> [Work instruction]:
Please transcribe every record below exactly, leaving out the pictures.

Material for this exercise Start Marker

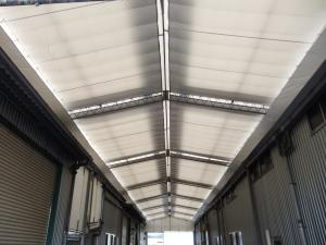 工場の開閉式テントを張り替えました。工場の休業日(土日)に約5mの作業場所をローリングタワーで安全に作業しました。
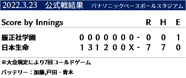 履正社学園の第2回戦 日本生命との試合結果をお知らせいたします。
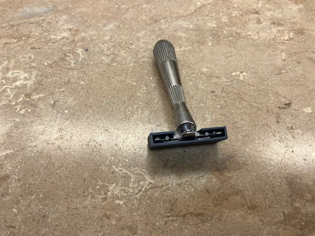 Một vỏ bọc du lịch dạng snap-on cho dao cạo Leaf Twig, kèm hộp nhỏ đựng lưỡi dao hai cạnh. Dễ in, không cần support, dùng vật liệu ABS cho khả năng chống nước tốt.
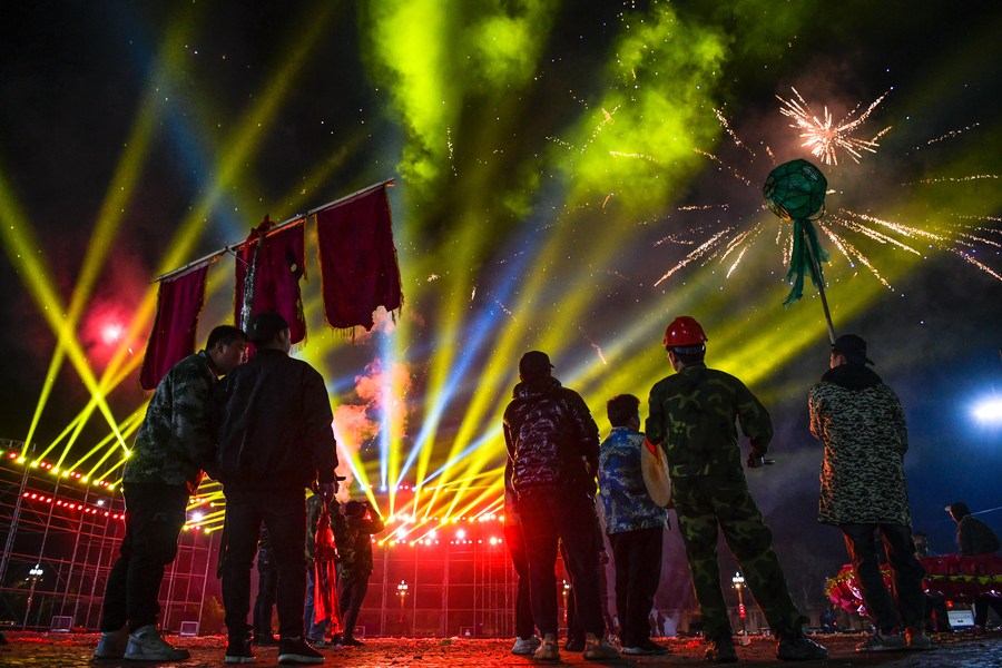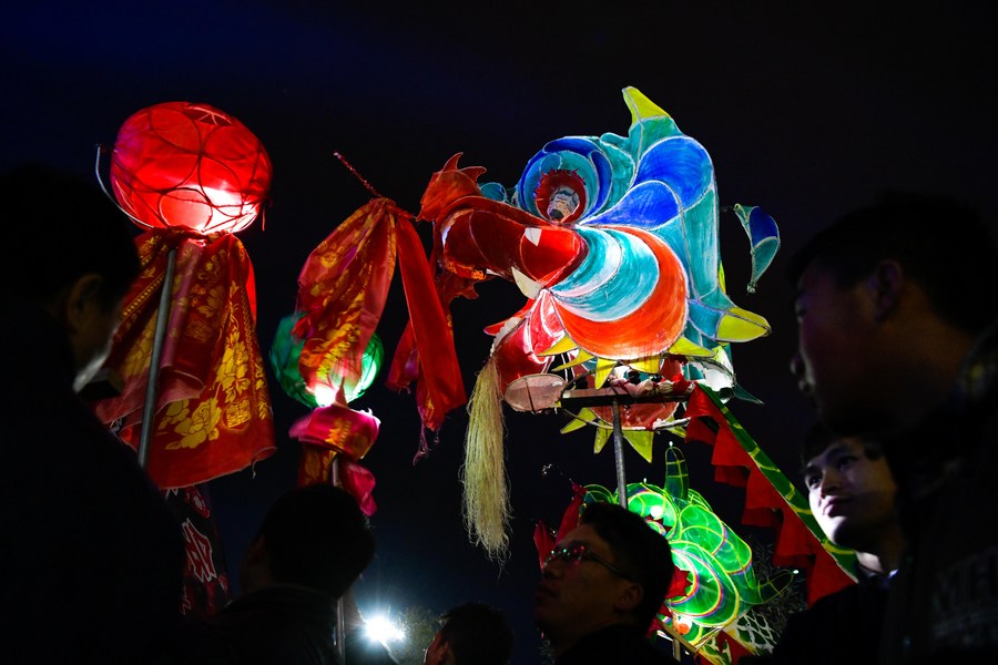 On the eve of the Lantern Festival this year, local people of Taijiang County, southwest China's Guizhou Province attends a "Wulong Xuhua" competition in celebration of the Lantern Festival, which falls on Feb. 5 this year.
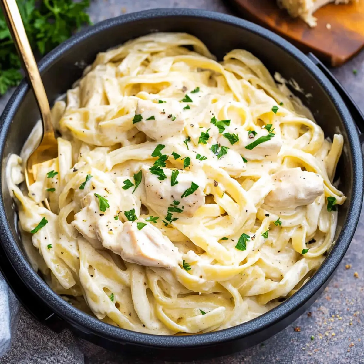 - Shred the rested chicken breasts and mix them back into the creamy pasta. Garnish with chopped parsley before serving.

Material for this exercise End Marker

> [Exercise solution]:
 工場の開閉式テントを張り替えました。工場の休業日(土日)に約5mの作業場所をローリングタワーで安全に作業しました。
 履正社学園の第2回戦 日本生命との試合結果をお知らせいたします。
 Một vỏ bọc du lịch dạng snap-on cho dao cạo Leaf Twig, kèm hộp nhỏ đựng lưỡi dao hai cạnh. Dễ in, không cần support, dùng vật liệu ABS cho khả năng chống nước tốt.
 On the eve of the Lantern Festival this year, local people of Taijiang County, southwest China's Guizhou Province attends a "Wulong Xuhua" competition in celebration of the Lantern Festival, which falls on Feb. 5 this year.
 - Shred the rested chicken breasts and mix them back into the creamy pasta. Garnish with chopped parsley before serving.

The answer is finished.